Eskiden hiç olmazsa düzenli bir şekilde çalışabiliyorduk; çalıştığımız saat belliydi, gideceğimiz vardiya belliydi, hafta tatili vardı, her şey çok iyi değildi fakat hiç olmasa bir düzenimiz vardı. Şimdi ise ne gündüzümüz belli ne de gecemiz. Bir gün oluyor patron diyor ki “koronavirüs yüzünden sipariş alamadık”, hooop yıllık izindesin. Yıllık izni bitiriyoruz, hooop ücretsiz izindesin. Sonra işler yoğunlaşıyor, patron bu sefer diyor ki “koronavirüs sürecindeyiz, bu zamanda işimizi ön plana almalıyız” ve ardından harıl harıl, aralıksız çalışmaya başlıyoruz. Şimdi tüm fabrika olarak iki vardiya, 12 saat çalışıyoruz.

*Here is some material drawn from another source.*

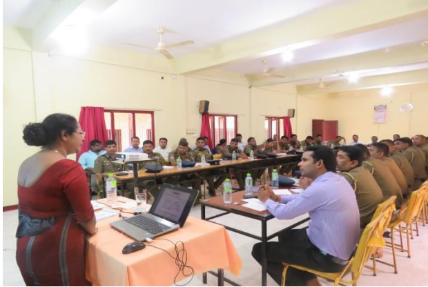
Human Trafficking training for Police and other government officers

Patron çalışma düzenini nasıl işine geliyorsa, yapboz gibi değiştirip duruyor. Bu süreçte en çok yaşadığımız hak kayıplarımızdan biri ise rapor hakkıdır. Koronavirüsün ilk zamanlarında test sonucu pozitif çıkan bir arkadaşımızın temasta olduğu işçi arkadaşı karantina sürecine tabi tutulurdu. Hasta işçi, arkadaşlarımıza virüs bulaşmasın diye 14 gün boyunca raporlu olurdu. Artık bizim fabrikamızda böyle bir hak uygulanmıyor. Covid-19 testi pozitif olan işçi arkadaşımıza, işyeri yönetimi tarafından baskı kuruluyor ve işçi arkadaşımıza “temasta olduklarının isimlerini hiçbir yere bildirmeyeceksin” deniliyor. Bu baskıyı öyle bir noktaya getiriyorlar ki, alttan alta “yoksa işten atılırsın” basıncı bindiriliyor.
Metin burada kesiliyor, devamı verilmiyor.